**TASK BRIEF:** Give back the lines below exactly, but do not include any pictures.

**SUPPLIED DATA:**
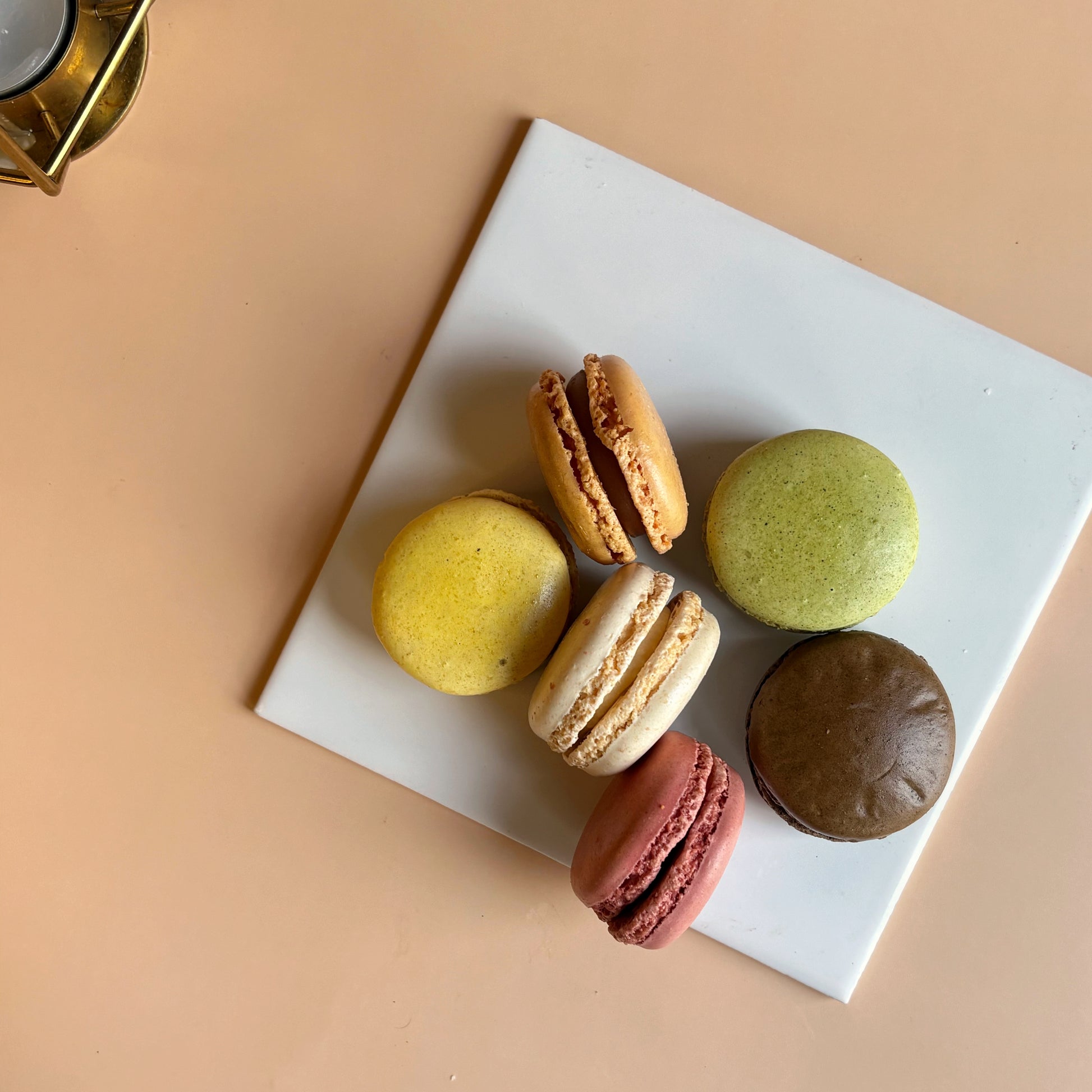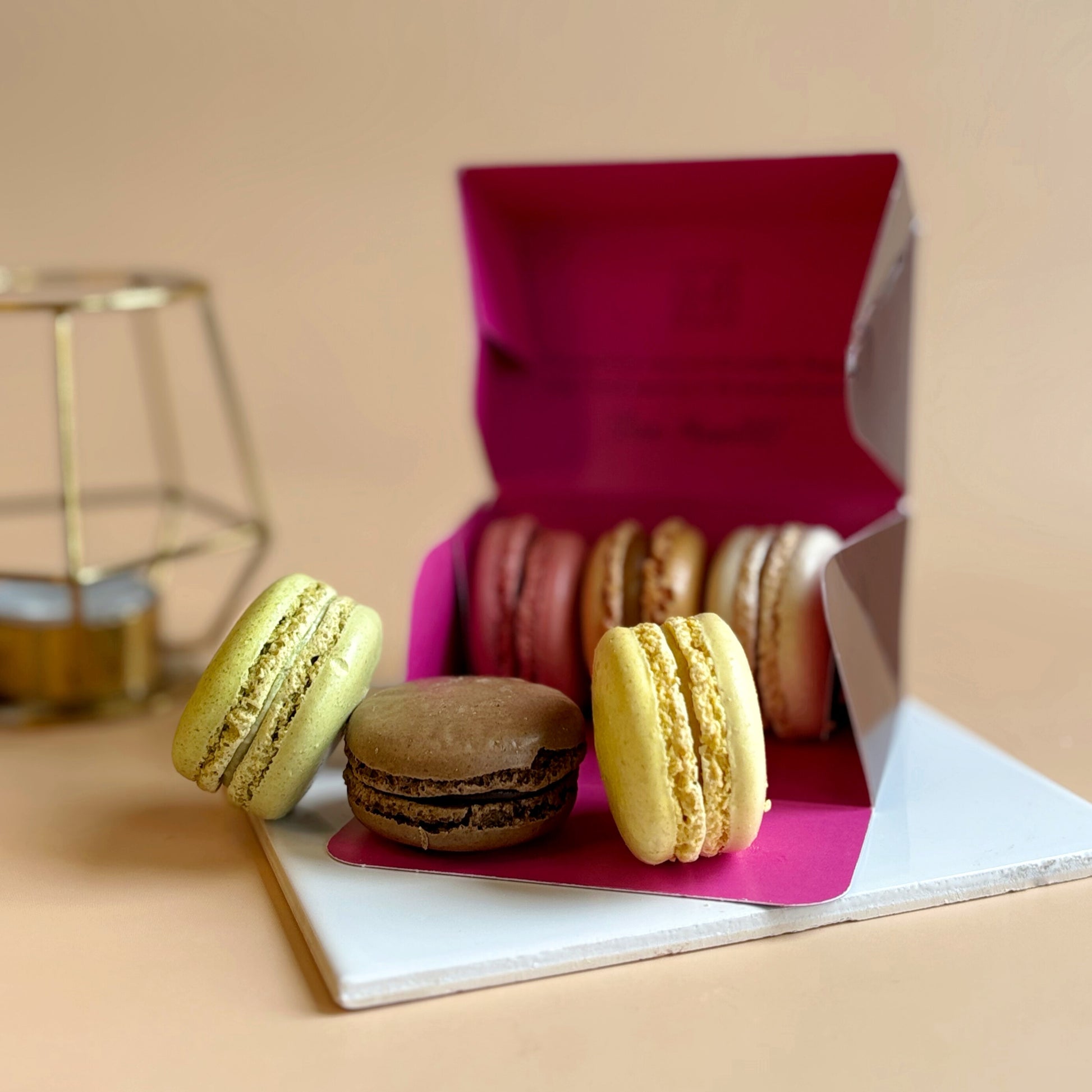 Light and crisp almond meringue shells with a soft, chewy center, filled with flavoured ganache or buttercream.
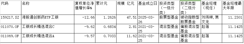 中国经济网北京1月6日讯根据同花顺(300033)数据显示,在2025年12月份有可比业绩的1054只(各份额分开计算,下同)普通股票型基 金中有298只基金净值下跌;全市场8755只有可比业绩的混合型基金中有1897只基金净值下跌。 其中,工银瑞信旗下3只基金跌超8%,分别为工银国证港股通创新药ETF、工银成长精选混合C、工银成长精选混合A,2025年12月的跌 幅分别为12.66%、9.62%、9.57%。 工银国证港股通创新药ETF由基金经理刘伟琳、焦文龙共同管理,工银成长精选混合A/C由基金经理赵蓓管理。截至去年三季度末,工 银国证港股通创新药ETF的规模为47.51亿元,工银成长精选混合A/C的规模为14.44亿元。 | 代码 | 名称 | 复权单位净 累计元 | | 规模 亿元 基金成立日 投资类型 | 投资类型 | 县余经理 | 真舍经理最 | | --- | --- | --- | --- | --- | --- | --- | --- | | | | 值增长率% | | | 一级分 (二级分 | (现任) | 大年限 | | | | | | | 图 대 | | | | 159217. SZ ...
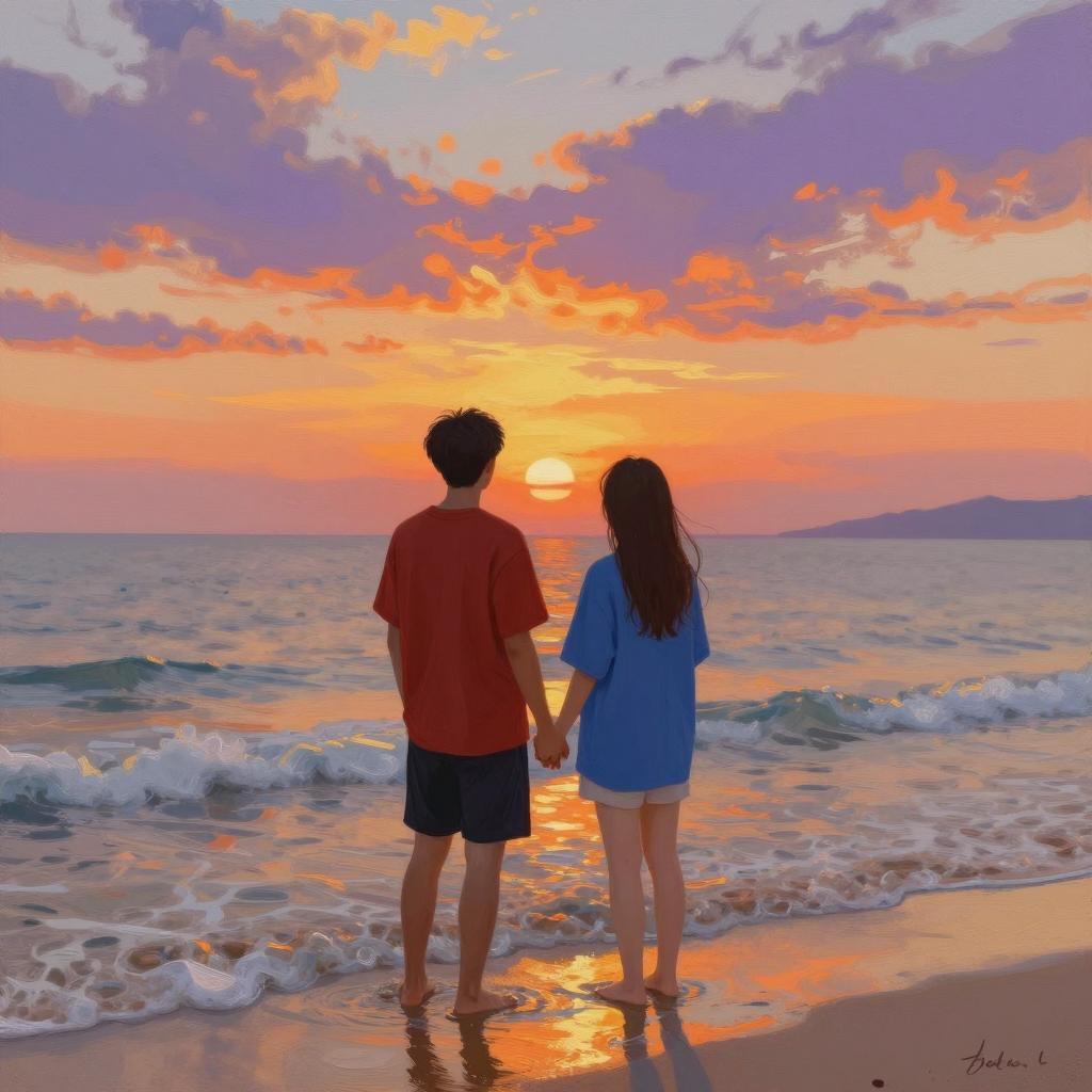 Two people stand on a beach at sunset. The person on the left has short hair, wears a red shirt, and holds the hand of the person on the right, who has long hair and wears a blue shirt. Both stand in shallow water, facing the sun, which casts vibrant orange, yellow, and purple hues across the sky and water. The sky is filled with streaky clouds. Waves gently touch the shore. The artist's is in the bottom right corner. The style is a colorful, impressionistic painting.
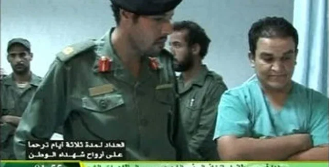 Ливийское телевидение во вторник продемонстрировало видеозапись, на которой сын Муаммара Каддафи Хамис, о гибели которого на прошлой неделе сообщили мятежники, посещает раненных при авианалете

**EXERCISE ANSWER:**
 Light and crisp almond meringue shells with a soft, chewy center, filled with flavoured ganache or buttercream.
 中国经济网北京1月6日讯根据同花顺(300033)数据显示,在2025年12月份有可比业绩的1054只(各份额分开计算,下同)普通股票型基 金中有298只基金净值下跌;全市场8755只有可比业绩的混合型基金中有1897只基金净值下跌。 其中,工银瑞信旗下3只基金跌超8%,分别为工银国证港股通创新药ETF、工银成长精选混合C、工银成长精选混合A,2025年12月的跌 幅分别为12.66%、9.62%、9.57%。 工银国证港股通创新药ETF由基金经理刘伟琳、焦文龙共同管理,工银成长精选混合A/C由基金经理赵蓓管理。截至去年三季度末,工 银国证港股通创新药ETF的规模为47.51亿元,工银成长精选混合A/C的规模为14.44亿元。 | 代码 | 名称 | 复权单位净 累计元 | | 规模 亿元 基金成立日 投资类型 | 投资类型 | 县余经理 | 真舍经理最 | | --- | --- | --- | --- | --- | --- | --- | --- | | | | 值增长率% | | | 一级分 (二级分 | (现任) | 大年限 | | | | | | | 图 대 | | | | 159217. SZ ...
 Two people stand on a beach at sunset. The person on the left has short hair, wears a red shirt, and holds the hand of the person on the right, who has long hair and wears a blue shirt. Both stand in shallow water, facing the sun, which casts vibrant orange, yellow, and purple hues across the sky and water. The sky is filled with streaky clouds. Waves gently touch the shore. The artist's is in the bottom right corner. The style is a colorful, impressionistic painting.
 Ливийское телевидение во вторник продемонстрировало видеозапись, на которой сын Муаммара Каддафи Хамис, о гибели которого на прошлой неделе сообщили мятежники, посещает раненных при авианалете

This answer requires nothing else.